PROBLEM STATEMENT: Output all records exactly, with no images.

GIVEN DATA:
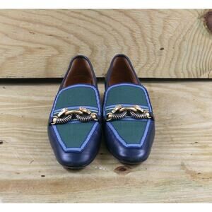 Tory Burch Loafers Women 7 M Blue Leather Green Rhinestone Jessa Horse Bit Flats
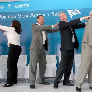 El objetivo del movimiento, impulsado por dos activadores físicos, fue el de resaltar la actividad física, al menos 20 minutos diarios, para evitar enfermedades y llevar una buena calidad de vida, mencionó el secretario de Salud Jalisco, Alfonso Petersen Farah, quien no se la pensó para comenzar el ejercicio.
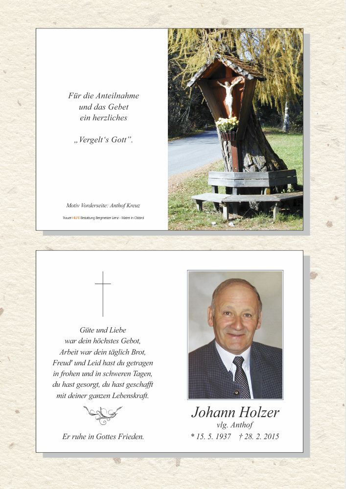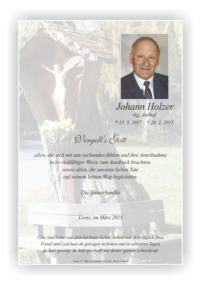 Euer Tate hat jetzt seine Reise angetreten – hinüber in das Land, das jenseits unserer Vorstellungskraft liegt, dorthin, wo nur mehr das Bedeutung hat, was wir im tiefsten Herzen wirklich sind – reine, unendliche Liebe. Wir wünsche euch, dass das, was euer Tate euch an liebevoller Zuwendung geschenkt hat, euer Herz mit Dankbarkeit und Wärme erfüllen möge. Möge die Liebe Gottes euch umarmen und durch die Zeit der Trauer und des Verlustempfindens tragen.
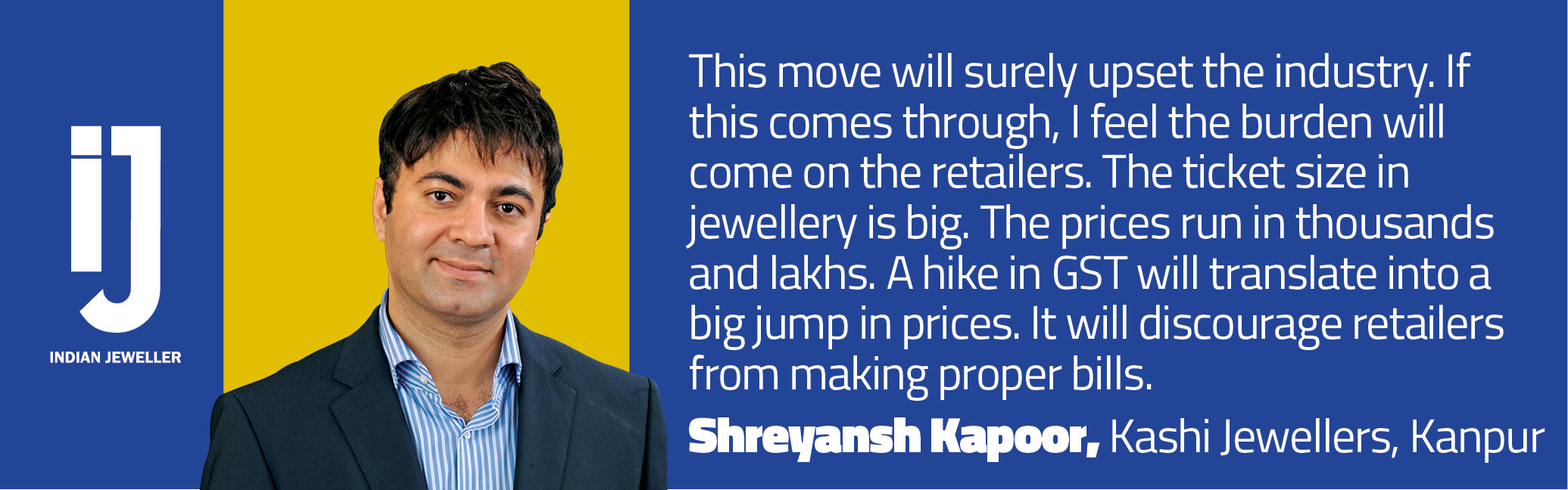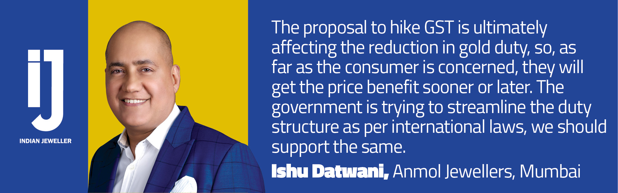 Striking a different note, Ishu Datwani, Anmol Jewellers, Mumbai, says, “There are, and will always will be, people who want to save on GST, even if it is 3%. But for organized players like Anmol Jewellers, succumbing to pressure is not something we do. We believe in abiding by the law. The proposal to hike GST is ultimately affecting the reduction in gold duty, so, as far as the consumer is concerned, they will get the price benefit sooner or later as the rate/tax paid by the consumer will be compensated with the reduced gold rate in the future. The government is trying to streamline the duty structure as per international laws, and as an industry, we should support the same.”
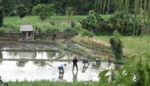 敷地を横切って田んぼに向かう農夫さんの姿も日常の一部。編笠をかぶったその姿は、まるでバリ絵画の中から抜け出してきたよう。
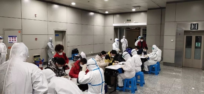 醫(yī)學(xué)綜合實(shí)驗(yàn)室工作人員王宇平連夜對(duì)旅客咽拭子樣本進(jìn)行新型冠狀病毒核酸檢測(cè)。
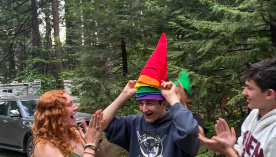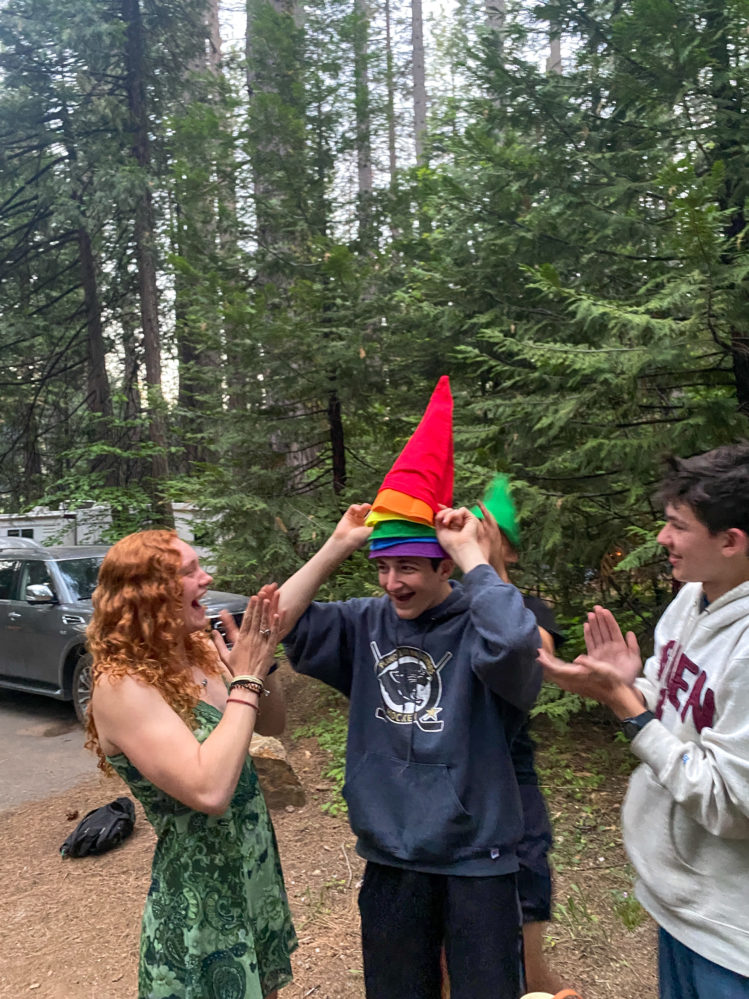 • While giving gratitude during Shabbat dinner, we were greeted by a black bear at our table! We told him our favorite ice cream flavors, but due to his fear of dairy, he ran away! It was a very beary Shabbat sha-“gnome”!
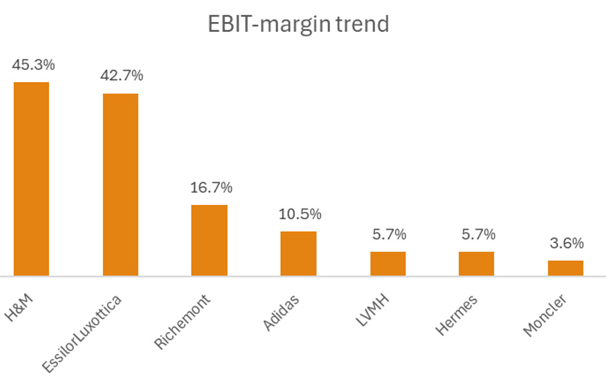 Next there’s Fashion, where we have an interesting mix of companies. The range from low-cost fast fashion to high-cost luxury products should be reflected in EBIT-margin trends and defensibility of margins. In the graph below, we can see that the top performers are not only luxury companies:
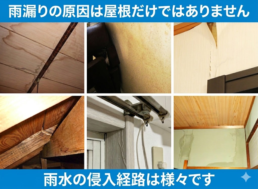 「雨漏り=屋根が原因」と思われる方が多いのですが、実は雨水の侵入経路はさまざまです。
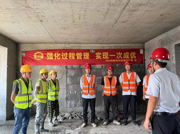 “為了強(qiáng)化全員質(zhì)量意識(shí),弘揚(yáng)工匠精神,促進(jìn)操作技能、管理技能提升,現(xiàn)開展質(zhì)量月技能競賽……”項(xiàng)目主管師蔡昭作為總裁判作了賽前動(dòng)員,宣布了比賽內(nèi)容、規(guī)則、程序、評(píng)分標(biāo)準(zhǔn)等,今年新入職職工、部分作業(yè)工人及工長觀賽。
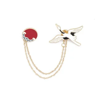 Cechy produktu Przypinka do odzieży Z krótkim łańcuszkiem Z motywem lecącego ptaka Kolor złoty Materiał: stal
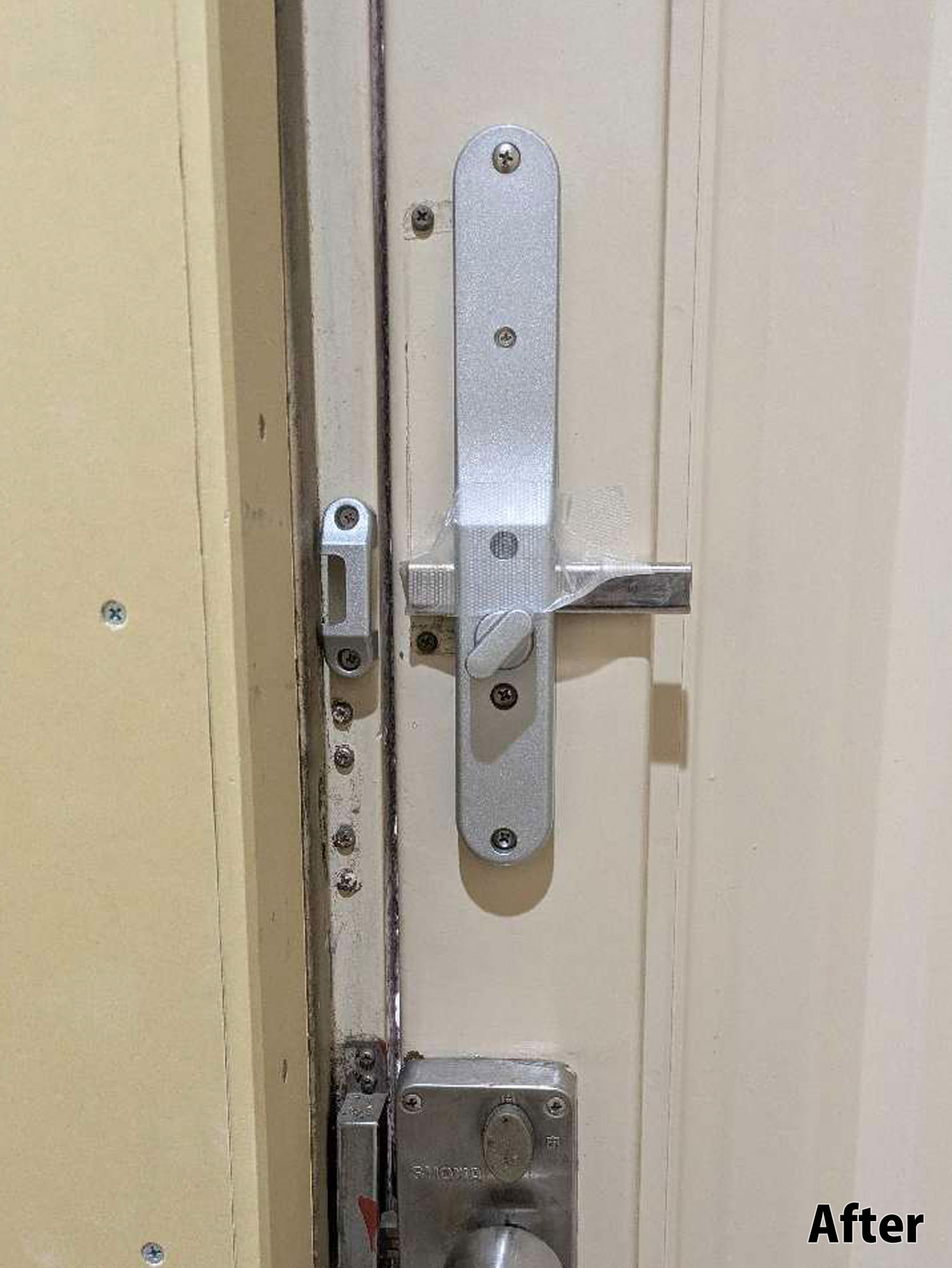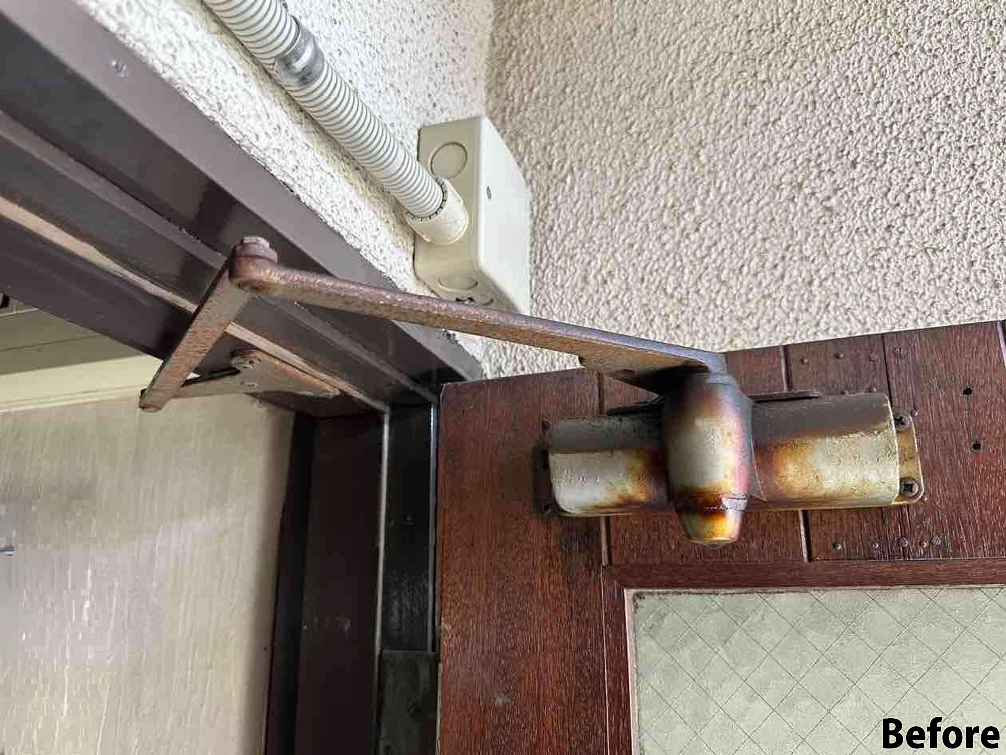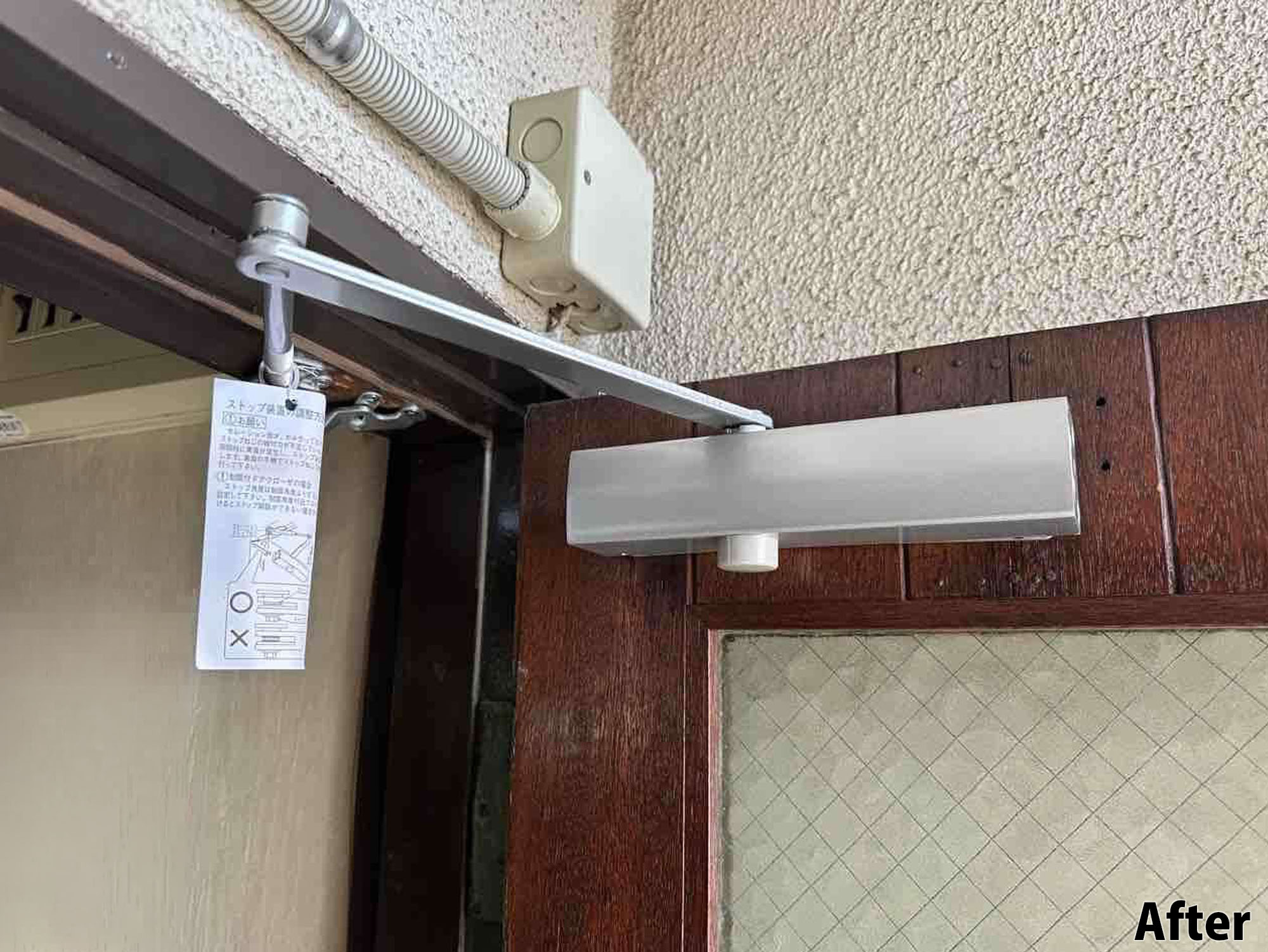古くなったドアクローザーの交換工事を行いました。建付けの悪さも同時に解消するため、丁番の調整や扉の下部をカットすることで、スムーズな開閉が蘇りました。お客様からは「ドアが軽くなった!」と大変喜んでいただけました。
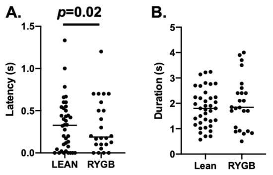 (A) Median latency for Lean = 0.327; RYGB = 0.188; Mann–Whitney U test p = 0.020 (B) Median duration for Lean = 1.800 s; RYGB = 1.842 s. Only 5L responses were included.
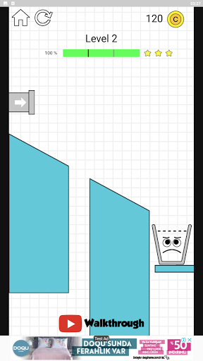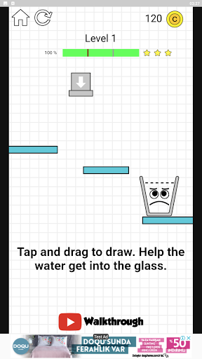 You are trying to fill water into the empty glass on the Happy glass 3 game screen. you draw the path that the water will flow on the screen with your finger. The amount of ink in your pen appears at the top of the screen. You can observe the amount of ink remaining here as you draw the path. When the water fills up to the part of the glass indicated by the dashed lines, you complete the section and move on to the next section.

TASK RESPONSE:
 Tory Burch Loafers Women 7 M Blue Leather Green Rhinestone Jessa Horse Bit Flats
 El objetivo del movimiento, impulsado por dos activadores físicos, fue el de resaltar la actividad física, al menos 20 minutos diarios, para evitar enfermedades y llevar una buena calidad de vida, mencionó el secretario de Salud Jalisco, Alfonso Petersen Farah, quien no se la pensó para comenzar el ejercicio.
 Euer Tate hat jetzt seine Reise angetreten – hinüber in das Land, das jenseits unserer Vorstellungskraft liegt, dorthin, wo nur mehr das Bedeutung hat, was wir im tiefsten Herzen wirklich sind – reine, unendliche Liebe. Wir wünsche euch, dass das, was euer Tate euch an liebevoller Zuwendung geschenkt hat, euer Herz mit Dankbarkeit und Wärme erfüllen möge. Möge die Liebe Gottes euch umarmen und durch die Zeit der Trauer und des Verlustempfindens tragen.
 Striking a different note, Ishu Datwani, Anmol Jewellers, Mumbai, says, “There are, and will always will be, people who want to save on GST, even if it is 3%. But for organized players like Anmol Jewellers, succumbing to pressure is not something we do. We believe in abiding by the law. The proposal to hike GST is ultimately affecting the reduction in gold duty, so, as far as the consumer is concerned, they will get the price benefit sooner or later as the rate/tax paid by the consumer will be compensated with the reduced gold rate in the future. The government is trying to streamline the duty structure as per international laws, and as an industry, we should support the same.”
 敷地を横切って田んぼに向かう農夫さんの姿も日常の一部。編笠をかぶったその姿は、まるでバリ絵画の中から抜け出してきたよう。
 醫(yī)學(xué)綜合實(shí)驗(yàn)室工作人員王宇平連夜對(duì)旅客咽拭子樣本進(jìn)行新型冠狀病毒核酸檢測(cè)。
 • While giving gratitude during Shabbat dinner, we were greeted by a black bear at our table! We told him our favorite ice cream flavors, but due to his fear of dairy, he ran away! It was a very beary Shabbat sha-“gnome”!
 Next there’s Fashion, where we have an interesting mix of companies. The range from low-cost fast fashion to high-cost luxury products should be reflected in EBIT-margin trends and defensibility of margins. In the graph below, we can see that the top performers are not only luxury companies:
 「雨漏り=屋根が原因」と思われる方が多いのですが、実は雨水の侵入経路はさまざまです。
 “為了強(qiáng)化全員質(zhì)量意識(shí),弘揚(yáng)工匠精神,促進(jìn)操作技能、管理技能提升,現(xiàn)開展質(zhì)量月技能競賽……”項(xiàng)目主管師蔡昭作為總裁判作了賽前動(dòng)員,宣布了比賽內(nèi)容、規(guī)則、程序、評(píng)分標(biāo)準(zhǔn)等,今年新入職職工、部分作業(yè)工人及工長觀賽。
 Cechy produktu Przypinka do odzieży Z krótkim łańcuszkiem Z motywem lecącego ptaka Kolor złoty Materiał: stal
古くなったドアクローザーの交換工事を行いました。建付けの悪さも同時に解消するため、丁番の調整や扉の下部をカットすることで、スムーズな開閉が蘇りました。お客様からは「ドアが軽くなった!」と大変喜んでいただけました。
 (A) Median latency for Lean = 0.327; RYGB = 0.188; Mann–Whitney U test p = 0.020 (B) Median duration for Lean = 1.800 s; RYGB = 1.842 s. Only 5L responses were included.
 You are trying to fill water into the empty glass on the Happy glass 3 game screen. you draw the path that the water will flow on the screen with your finger. The amount of ink in your pen appears at the top of the screen. You can observe the amount of ink remaining here as you draw the path. When the water fills up to the part of the glass indicated by the dashed lines, you complete the section and move on to the next section.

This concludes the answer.